### WHAT YOU WILL DO:
Set down the line containing "เมื่อวันที่ ๑ –" and each line after it through the last line of the records, exactly, leaving pictures out.

(Records from a dataset)
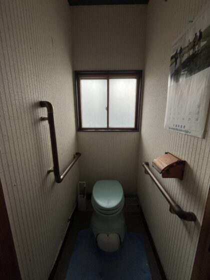 手すり付きのトイレは立ち上がりが楽で、腰や膝への負担を軽減できます。
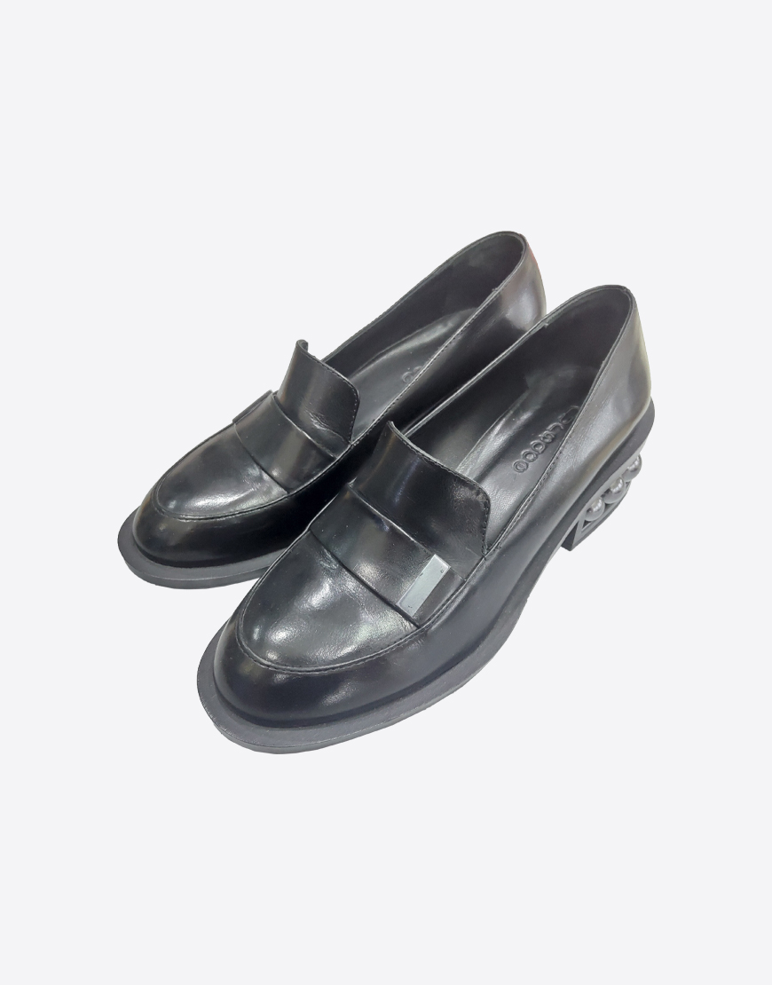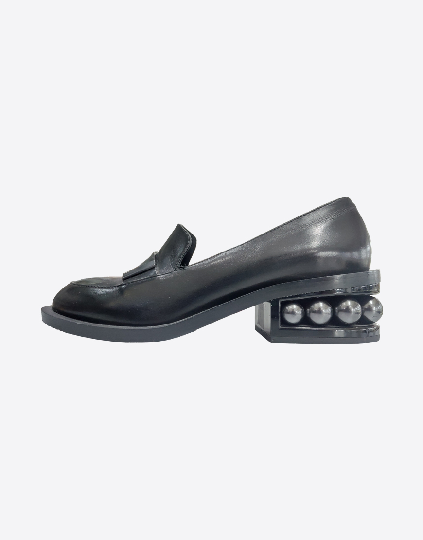 Nursace лоферы в чёрной коже с шарами на каблуке
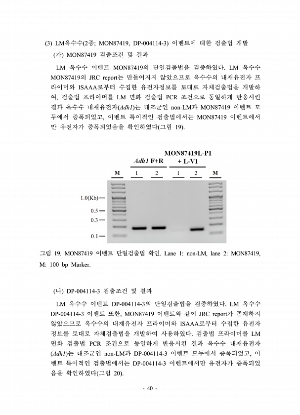 40 3 LM옥수수 2종; MON87419, DP-004114-3 이벤트에 대한 검출법 개발 가 MON87419 검출조건 및 결과 LM 옥수수 이벤트 MON87419의 단일검출법을 검증하였다. LM 옥수수 MON87419의 JRC report는 만들어지지 않았으므로 옥수수의 내재유전자 프 라이머와 ISAAA로부터 수집한 유전자정보를 토대로 자체검출법을 개발하 여, 검출법 프라이머를 LM 면화 검출법 PCR 조건으로 동일하게 반응시킨 결과 옥수수 내재유전자 Adh1 는 대조군인 non-LM과 MON87419 이벤트 모 두에서 증폭되었고, 이벤트 특이적인 검출법에서는 MON87419 이벤트에서 만 유전자가 증폭되었음을 확인하였다 그림 19 그림 19. MON87419 이벤트 단일검출법 확인. Lane 1non-...
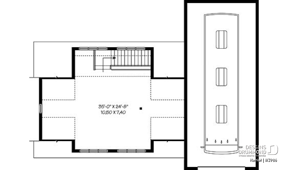 L'espace boni aménageable est généralement prévu au-dessus du garage et il est accessible de la maison. Comme il est prévu aménageable, il pourra devenir un bureau, un espace buanderie, une salle de bain, un coin bibliothèque ou même une chambre additionnelle pour laquelle les propriétaires devront s'assurer d'avoir une fenêtre conforme aux normes en vigueur. De plus, la finition de cette espace boni est toujours INCLUSE dans nos estimation du coût de construction, sauf si avis contraire dans les sections « Description et/ou Éléments descriptifs » de la page du plan.
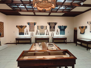 アイヌ初の国会議員となった萱野茂氏が40年にわたって収集した個人コレクションを展示。館長ご夫妻の近年の作品をまじえた新旧の資料群が、所狭しとケースに陳列されていました。奥様が制作されたアイヌ衣装は大変美しくご主人への愛情の深さを感じました。
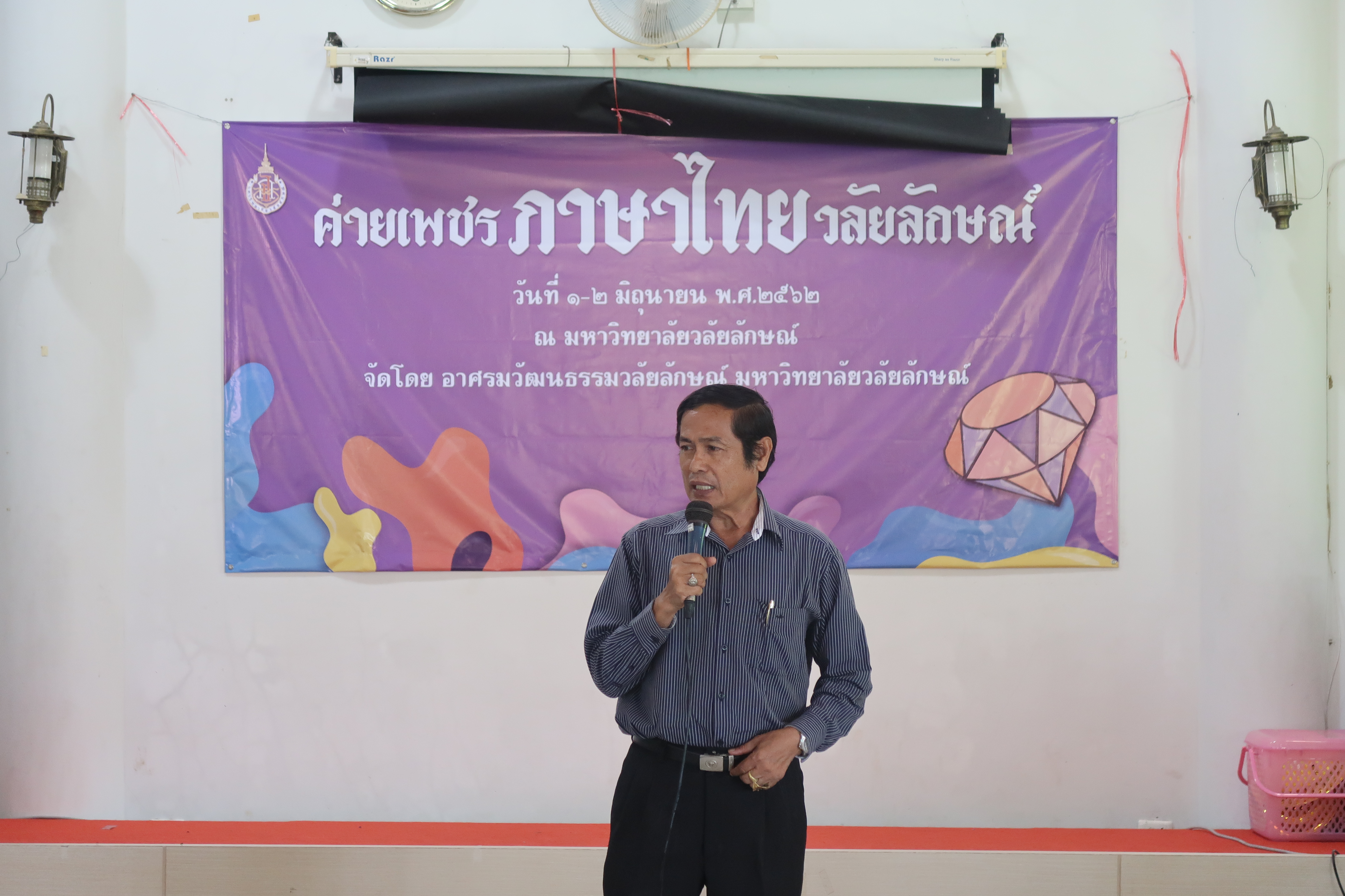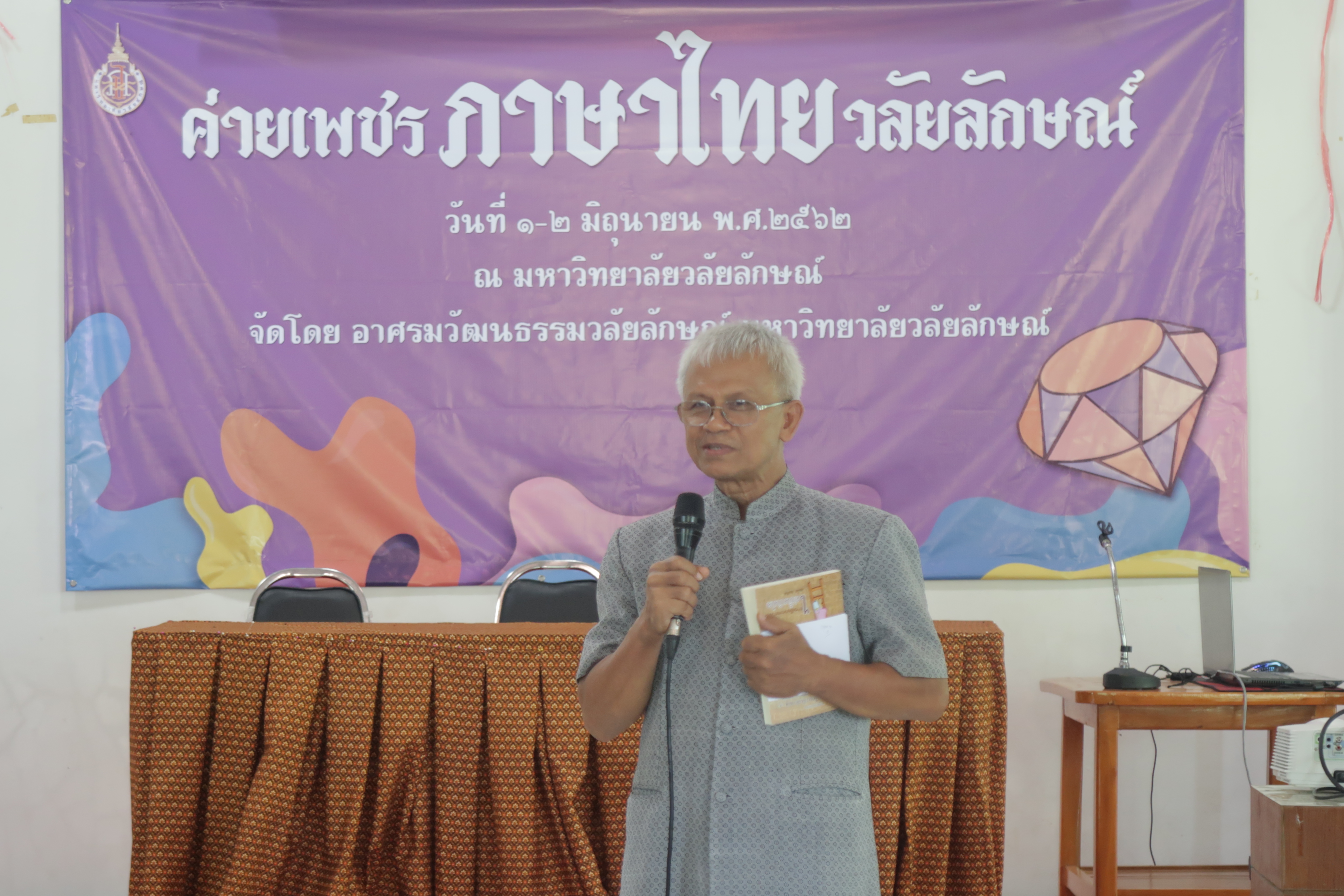 เมื่อวันที่ ๑ – ๒ มิถุนายน พ.ศ. ๒๕๖๒ ที่ผ่านมา อาศรมวัฒนธรรมวลัยลักษณ์ มหาวิทยาลัยวลัยลักษณ์ จัดค่ายเพชรภาษาไทยวลัยลักษณ์ รุ่นที่ ๑ ณ อุทยานพฤกษศาสตร์ มหาวิทยาลัยวลัยลักษณ์เพื่อเสริมสร้างความรู้ประสบการณ์ พัฒนาทักษะ และสร้างสำนึกรักการเขียนให้เกิดขึ้นในกลุ่มเยาวชน ส่งเสริมให้พัฒนาแนวคิด ค่านิยม และขีดความสามารถในด้านการเขียนเชิงสร้างสรรค์ และการบริการวิชาการแก่สังคม เป็นกิจกรรมที่มุ่งสร้างบุคลากรที่มีคุณภาพด้านภาษาและวรรณกรรมในด้านการเขียนออกไปรับใช้สังคมให้มีความเข้มแข็งและเกิดคุณค่าสืบไป
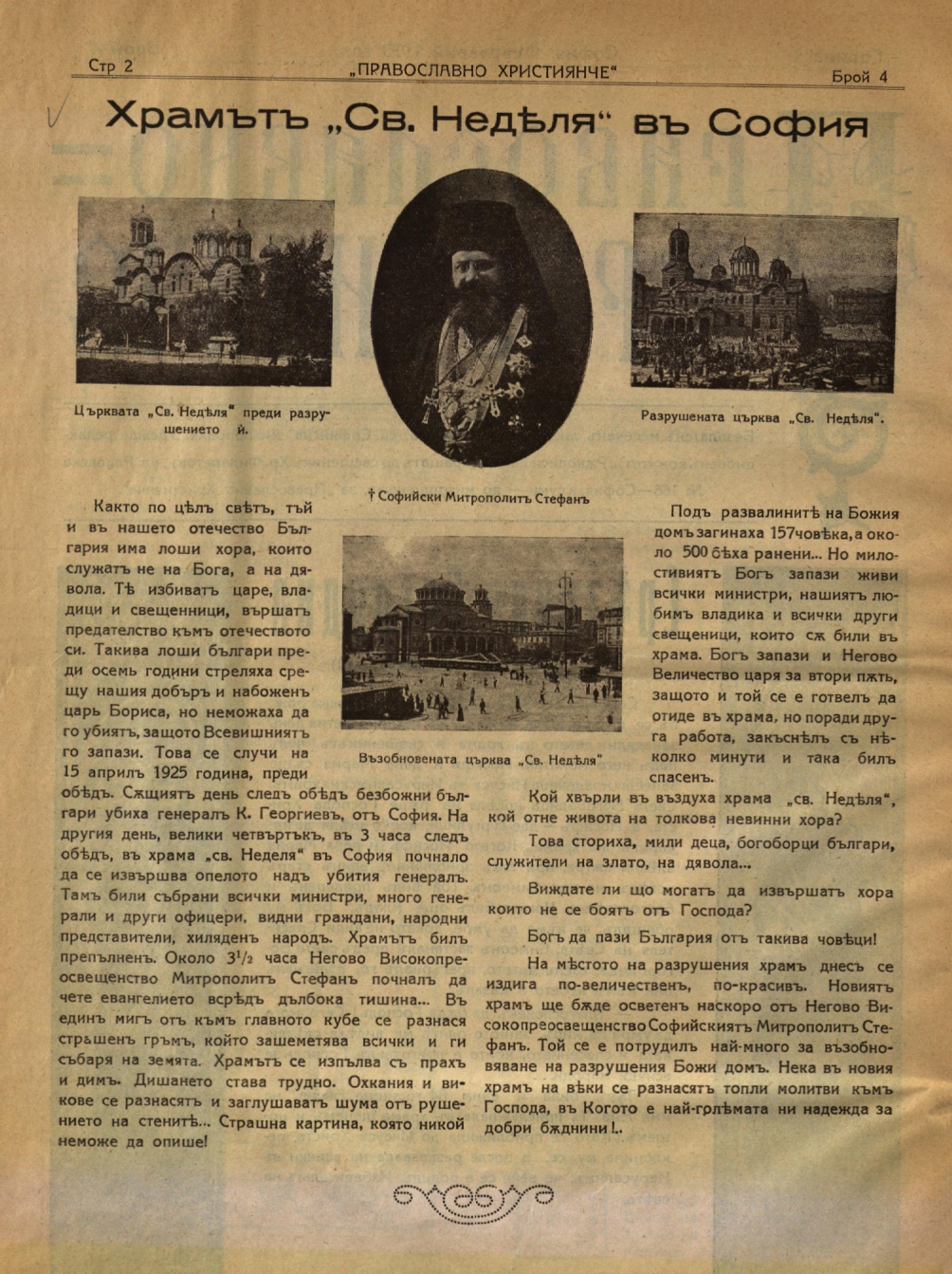 На 16 април 1925 г. Българската комунистическа партия организира един от най-жестоките терористични актове в световната история през XX век – атентатът в църквата „Св. Неделя“. Експлозията събаря главния купол на църквата, затрупвайки вътре множество хора. В атентата загиват 134 души, други умират по-късно от раните си. Ранените са около 500. Загиват кметът на София адвокат Паскал Паскалев, 12 генерали, 15 полковници, 7 подполковници, 3 депутати и множество граждани, включително деца. Кървавата експлозия е дело на престъпни авантюристи, членове на Военната организация на БКП, контролирани от съветските болшевики. Атентаторите целят да се унищожи независимата българска държава като се свали по насилствен път политическото ръководство на страната и се предизвика революция, за да се установи комунистически режим.
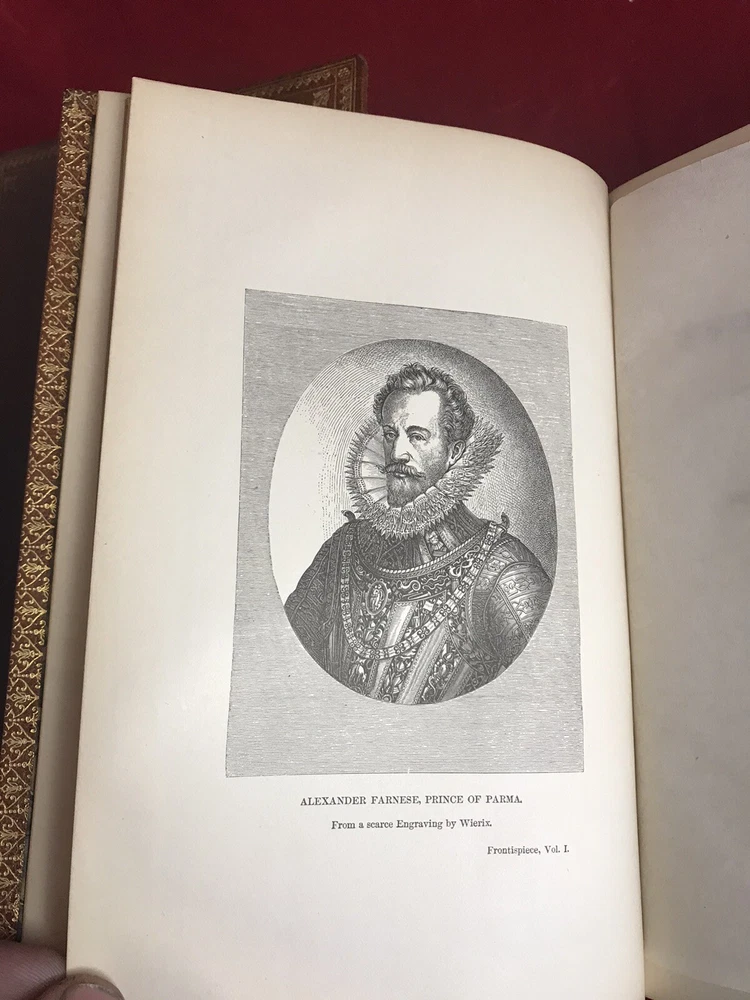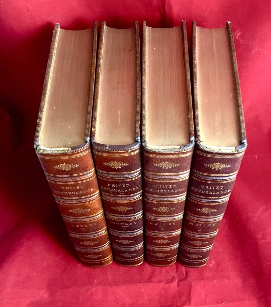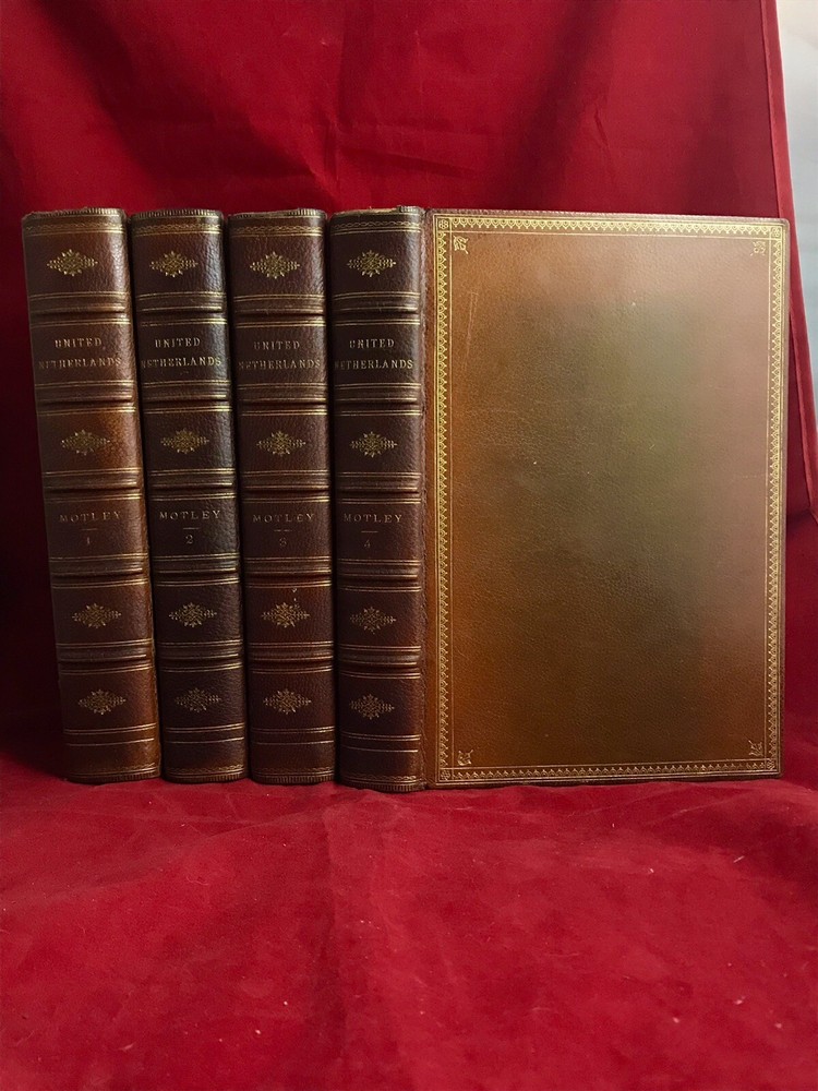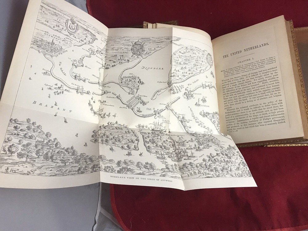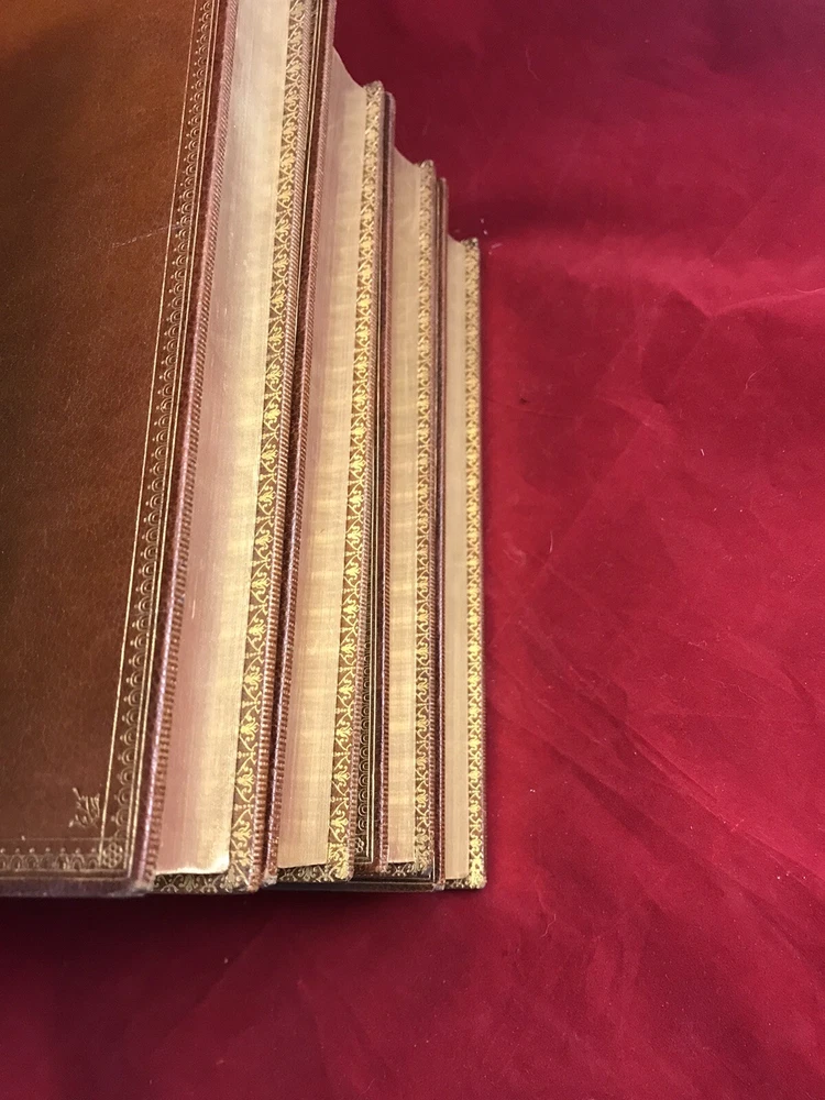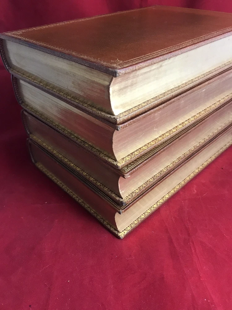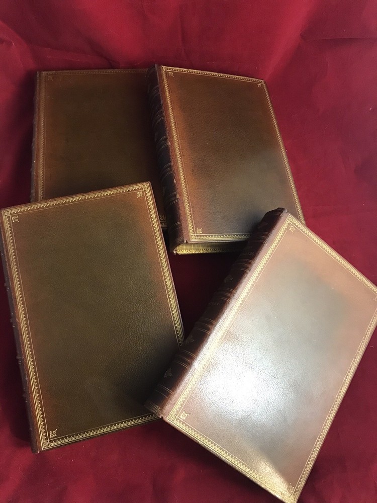 Complete for volume set in full leather with bright gilt decoration. Illustrated with frontispiece plates and a folding map. Pages gilded on all edges. Bindings are all tight and square, internally clean and like new. Leather has a few small chips at the spine heads; otherwise looks great. Near fine bindings and fine interiors. 9” x 6” each.

### PROBLEM SOLUTION:
 เมื่อวันที่ ๑ – ๒ มิถุนายน พ.ศ. ๒๕๖๒ ที่ผ่านมา อาศรมวัฒนธรรมวลัยลักษณ์ มหาวิทยาลัยวลัยลักษณ์ จัดค่ายเพชรภาษาไทยวลัยลักษณ์ รุ่นที่ ๑ ณ อุทยานพฤกษศาสตร์ มหาวิทยาลัยวลัยลักษณ์เพื่อเสริมสร้างความรู้ประสบการณ์ พัฒนาทักษะ และสร้างสำนึกรักการเขียนให้เกิดขึ้นในกลุ่มเยาวชน ส่งเสริมให้พัฒนาแนวคิด ค่านิยม และขีดความสามารถในด้านการเขียนเชิงสร้างสรรค์ และการบริการวิชาการแก่สังคม เป็นกิจกรรมที่มุ่งสร้างบุคลากรที่มีคุณภาพด้านภาษาและวรรณกรรมในด้านการเขียนออกไปรับใช้สังคมให้มีความเข้มแข็งและเกิดคุณค่าสืบไป
 На 16 април 1925 г. Българската комунистическа партия организира един от най-жестоките терористични актове в световната история през XX век – атентатът в църквата „Св. Неделя“. Експлозията събаря главния купол на църквата, затрупвайки вътре множество хора. В атентата загиват 134 души, други умират по-късно от раните си. Ранените са около 500. Загиват кметът на София адвокат Паскал Паскалев, 12 генерали, 15 полковници, 7 подполковници, 3 депутати и множество граждани, включително деца. Кървавата експлозия е дело на престъпни авантюристи, членове на Военната организация на БКП, контролирани от съветските болшевики. Атентаторите целят да се унищожи независимата българска държава като се свали по насилствен път политическото ръководство на страната и се предизвика революция, за да се установи комунистически режим.
 Complete for volume set in full leather with bright gilt decoration. Illustrated with frontispiece plates and a folding map. Pages gilded on all edges. Bindings are all tight and square, internally clean and like new. Leather has a few small chips at the spine heads; otherwise looks great. Near fine bindings and fine interiors. 9” x 6” each.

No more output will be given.